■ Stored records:
::::

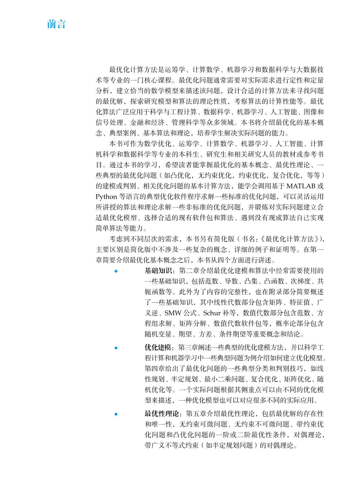 本书介绍了最优化的基本概念、典型案例、基本理论和优化算法。典型案例来自数据科学、机器学习、人工智能、图像和信号处理等领域,基本理论涵盖最优解的存在性和唯一性、各类优化问题的一阶或二阶最优性条件、对偶理论等,优化算法包括无约束优化算法、约束优化算法、复合优化算法。全书案例丰富,理论翔实,展现了最优化的“实践—算法—理论—实践”这一特点。书中配备了适量的习题,这些习题难易兼顾、层次分明,为正文的内容提供补充,并可检验读者的学习效果。 本书可作为高等学校数据科学专业的教材或参考书,供研究生和本科高年级学生使用,也可供从事运筹学、计算数学、图像和信号处理、机器学习、人工智能等领域的科技工作者参考。 |
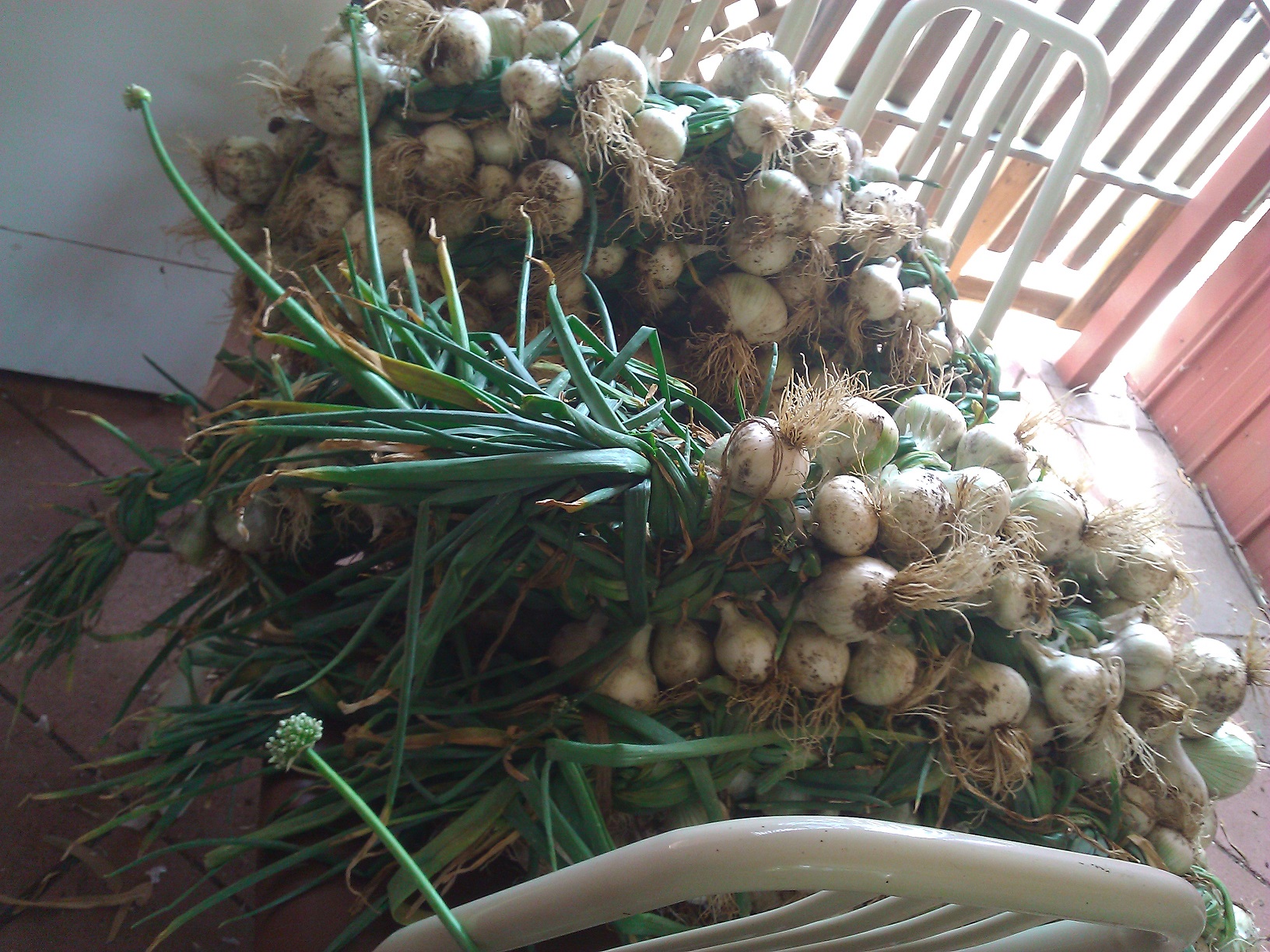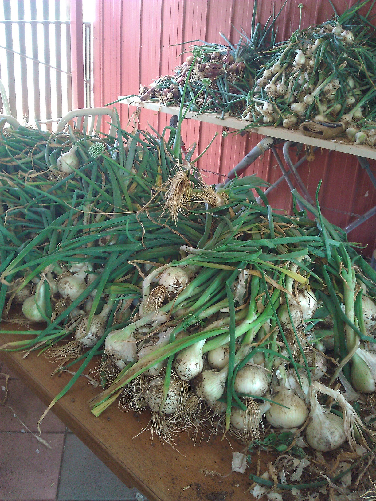 We had a huge allium year, as evidenced by our garlic harvest last month, which taught us a valuable lesson about harvesting garlic in dry conditions.  We continued this with our onion harvest in December.
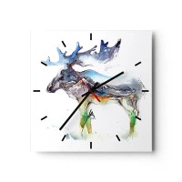 Reloj de pared - Reloj de vidrio - Silueta de acuarela de un alce con un paisaje montañoso. - 30x30cm - El héroe de un cuento de invierno - Decoración de pared moderna para salón y dormitorio ARTTOR
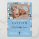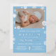 Silver foil boy baptism invitation in light blue, white, and gold foil with a photo of your son. Blue, white, and silver winter baptism invitation personalised with a photo of your baby boy and a silver cross and pretty snowflakes.
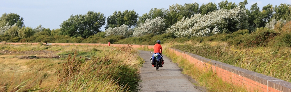 The bank curves around. Here is another estuary, where the River Brue meets the sea. I stop for a snack, hunkering down to try to escape the wind. Burnham-on-Sea looks very near, but I have to detour up the river to find the nearest bridge.
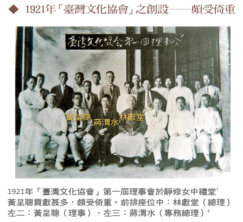 黃呈聰貢獻甚多,頗受倚重。前排座位中:林獻堂(總理)、
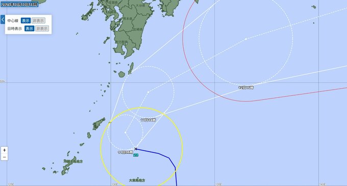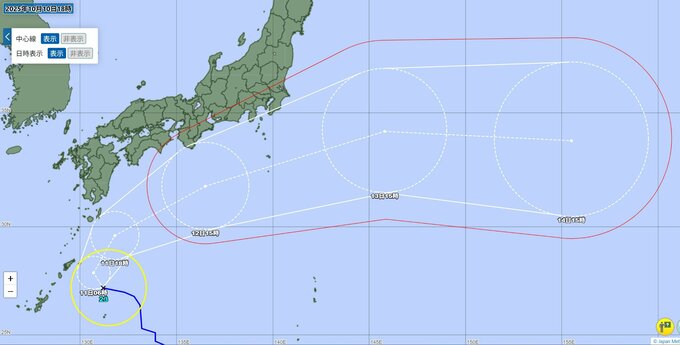 台風の予報進路は、予報の期間が長くなるほど誤差の幅(予報円)が大きくなります。最新の情報を確認するようにしてください。
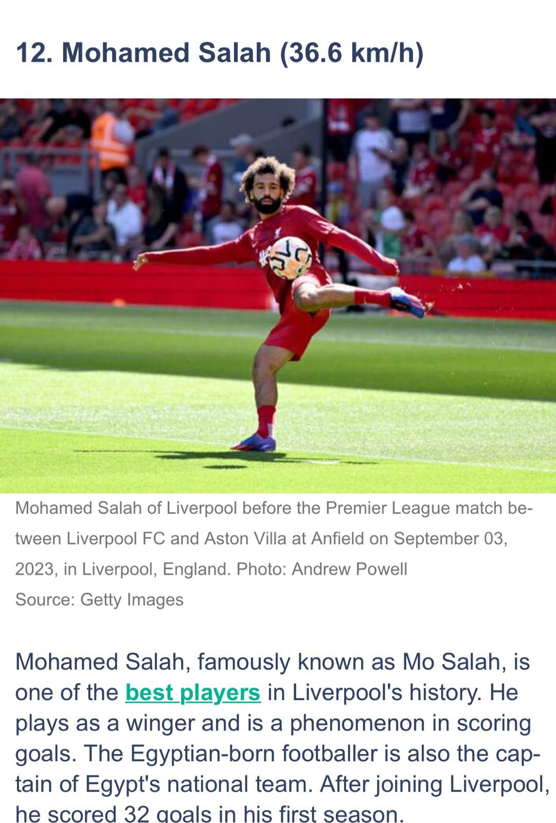ونشرت تقارير صحفية عن تواجد النجم المصري محمد صلاح في المركز الـ12 بسرعة 36.6 كم / ساعة، بينما جاء في المركز الـ20 ألفونسو ديفيز لاعب بايرن ثم هالاند مهاجم مانشستر سيتي في المركز الـ19 وأشرف حكيمي في المركز الـ36.4، وجاريث بيل في المركز الخامس بسرعة 36.9 كم / ساعة.
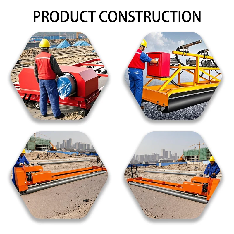 The four roll paver machine with frame is an efficient concrete paver equipment. Based on the traditional three-roll paver machine, it adds an auxiliary leveling roller and is equipped with a variable-supported frame, further enhancing the paver's leveling accuracy and adaptability to construction. It is suitable for large-scale concrete construction with high precision requirements, such as highways, airport runways, industrial floors, etc. This durable four roll paver machine with frame is particularly suitable for projects with strict requirements for leveling accuracy and paver width, and can significantly reduce the maintenance cost in the later stage.
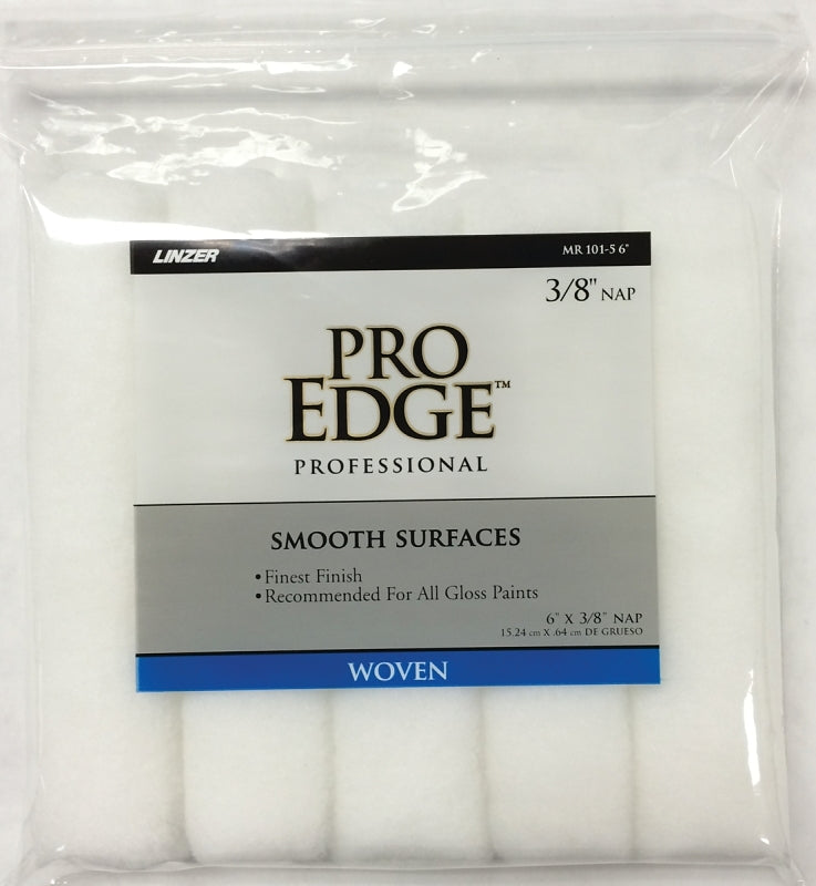 Linzer MR 101-5 6IN Paint Roller Cover, 3/8 in Thick Nap, 6 in L, Fabric Cover, White

::::

■ Task description:
Could you write out exactly the lines of the data above that run from the one holding "The bank curves" to the one holding "台風の予報進路は、予報の期間", with both ends in and all pictures out?

■ Answer space:
 The bank curves around. Here is another estuary, where the River Brue meets the sea. I stop for a snack, hunkering down to try to escape the wind. Burnham-on-Sea looks very near, but I have to detour up the river to find the nearest bridge.
 黃呈聰貢獻甚多,頗受倚重。前排座位中:林獻堂(總理)、
 台風の予報進路は、予報の期間が長くなるほど誤差の幅(予報円)が大きくなります。最新の情報を確認するようにしてください。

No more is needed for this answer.